• DATA:
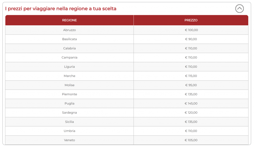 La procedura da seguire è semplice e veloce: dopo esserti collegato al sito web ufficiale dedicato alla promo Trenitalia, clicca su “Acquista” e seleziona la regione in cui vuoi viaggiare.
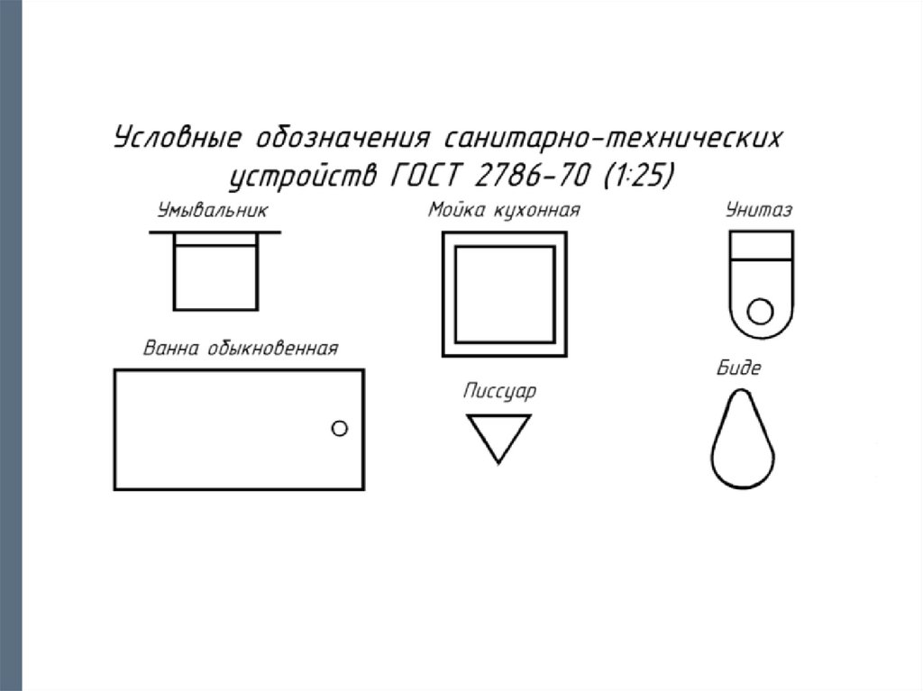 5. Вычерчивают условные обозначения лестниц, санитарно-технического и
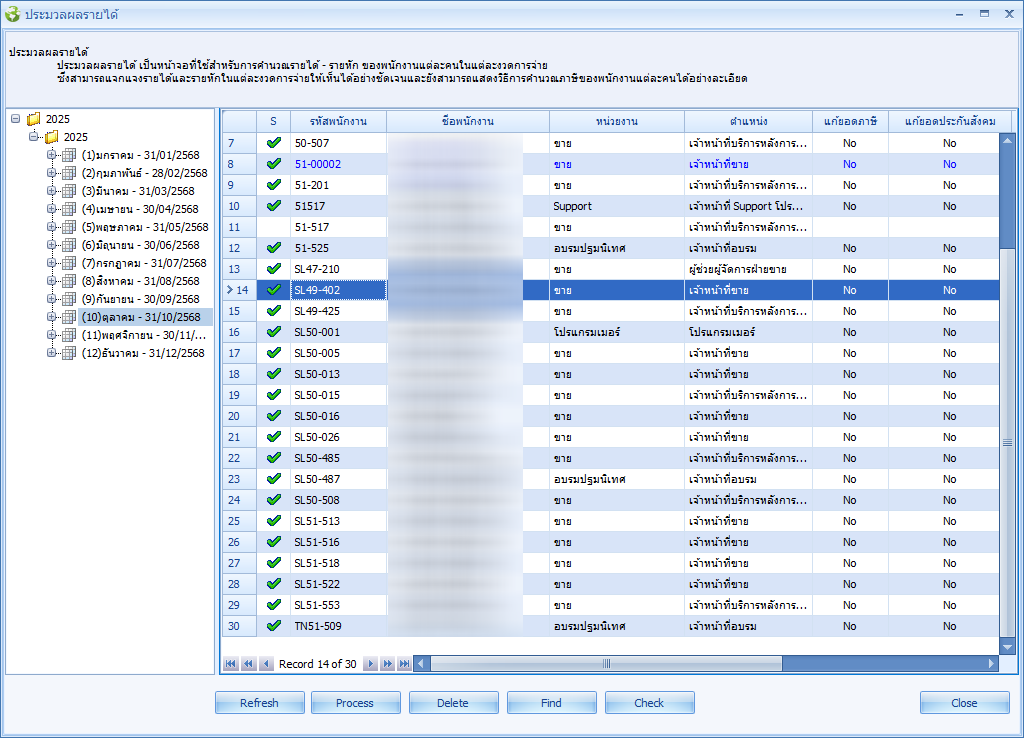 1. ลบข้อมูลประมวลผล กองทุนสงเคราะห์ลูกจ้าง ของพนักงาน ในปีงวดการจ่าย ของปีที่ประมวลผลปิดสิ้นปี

• WHAT IS NEEDED: Could the data above be reproduced exactly, with the pictures left out?

• PROBLEM SOLUTION:
 La procedura da seguire è semplice e veloce: dopo esserti collegato al sito web ufficiale dedicato alla promo Trenitalia, clicca su “Acquista” e seleziona la regione in cui vuoi viaggiare.
 5. Вычерчивают условные обозначения лестниц, санитарно-технического и
 1. ลบข้อมูลประมวลผล กองทุนสงเคราะห์ลูกจ้าง ของพนักงาน ในปีงวดการจ่าย ของปีที่ประมวลผลปิดสิ้นปี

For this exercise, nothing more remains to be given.